Wunderlist's schema could be defined as the following:

User (name, email, has Todo Lists)
Invited User (name, email)
Invited User List (has Invited Users)
Todo Item (title, description, due date, belongs to Todo List)
Todo List (name, belongs to Users, has Todo Items)

The User type has a singleton instance who represents the user of the app.
Users can be invited to Todo Lists. As their list of Todo Lists is hidden from the current user Invited User is a separate type.
Invited User List is simply a cached list of all users that have been invited in the past.
While Invited User List is an unordered list, Todo Lists and Todo Items are ordered.

Syncing lists of unordered object IDs never causes conflicts while syncing ordered object IDs can cause order conflicts.

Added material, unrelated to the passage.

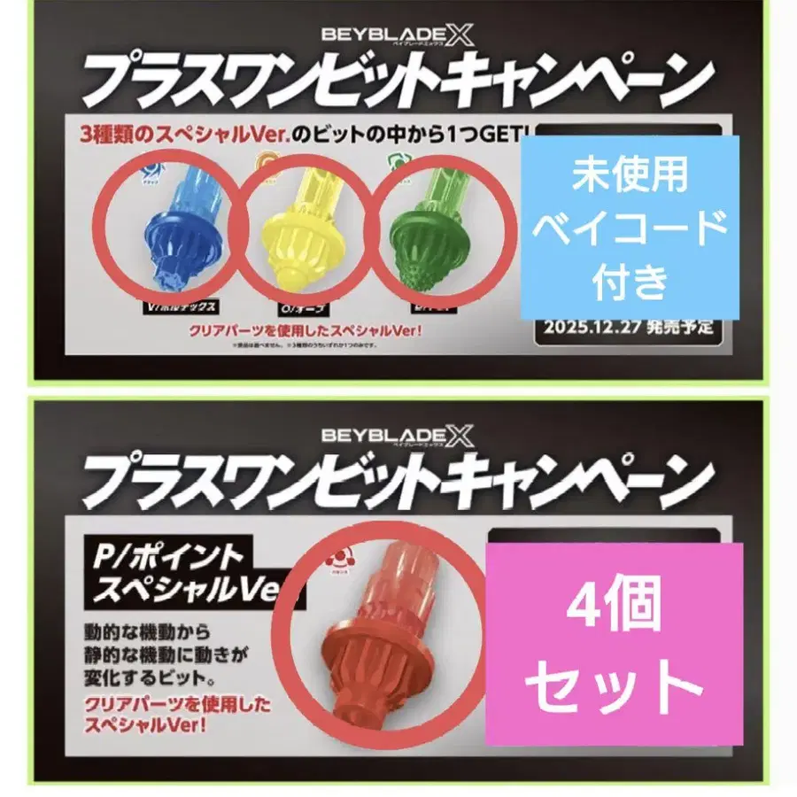 베이블레이드 X 플러스 원 비트 캠페인 4종 세트 P V O D 비트

Hierarchical Data Synchronization

Dropbox synchronizes a file system - it is therefore a good example for syncing of hierarchical data.

The data model is simple:

Tree Item (name)
Tree extends Tree Item (has children of type Tree Items)
Data extends Tree Item (data)

The list of child Tree Items can either be ordered or unordered. While Dropbox does not sync the order of files there are scenarios where this is required.

Syncing trees can trigger conflicts if sub trees have been modified concurrently.

Text Synchronization

Collaborative document editors like Google Docs need to synchronize text that is concurrently edited.
Google Docs currently does not support offline editing.

Syncing text is equal to the problem of syncing an ordered list and can trigger conflicts.

General Concepts

Causality Preservation

Optimistic Synchronization

State vs. Edit-Based Syncing

Three-Way Merging

Vector Clocks

Operational Transformation

Commutative Replicated Data Types

Requirements and Evaluation Criteria

We will evaluate syncing strategies for the listed application scenarios.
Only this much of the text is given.